(THE DATA)
#####

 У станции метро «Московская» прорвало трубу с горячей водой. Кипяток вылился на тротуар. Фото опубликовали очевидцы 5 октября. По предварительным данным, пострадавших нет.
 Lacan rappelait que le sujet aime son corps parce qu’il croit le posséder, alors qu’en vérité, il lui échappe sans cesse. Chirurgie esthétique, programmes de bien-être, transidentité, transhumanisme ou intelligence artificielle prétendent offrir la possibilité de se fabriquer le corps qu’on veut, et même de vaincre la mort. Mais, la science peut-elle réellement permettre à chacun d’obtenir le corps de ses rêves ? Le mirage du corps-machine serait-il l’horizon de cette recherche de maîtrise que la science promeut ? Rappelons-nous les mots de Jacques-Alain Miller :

#####

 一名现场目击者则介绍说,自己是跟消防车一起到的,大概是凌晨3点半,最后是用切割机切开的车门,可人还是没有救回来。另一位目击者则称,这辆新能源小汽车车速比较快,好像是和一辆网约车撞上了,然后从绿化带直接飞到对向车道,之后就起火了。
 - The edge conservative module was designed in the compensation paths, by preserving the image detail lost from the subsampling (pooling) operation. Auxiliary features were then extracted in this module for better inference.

#####

(WHAT YOU HAVE TO DO) Could you repeat exactly the lines above from the line with "一名现场目击者则介绍说,自己" up to and including the line with "- The edge conservative", and only those?

(TASK RESULT)
 一名现场目击者则介绍说,自己是跟消防车一起到的,大概是凌晨3点半,最后是用切割机切开的车门,可人还是没有救回来。另一位目击者则称,这辆新能源小汽车车速比较快,好像是和一辆网约车撞上了,然后从绿化带直接飞到对向车道,之后就起火了。
 - The edge conservative module was designed in the compensation paths, by preserving the image detail lost from the subsampling (pooling) operation. Auxiliary features were then extracted in this module for better inference.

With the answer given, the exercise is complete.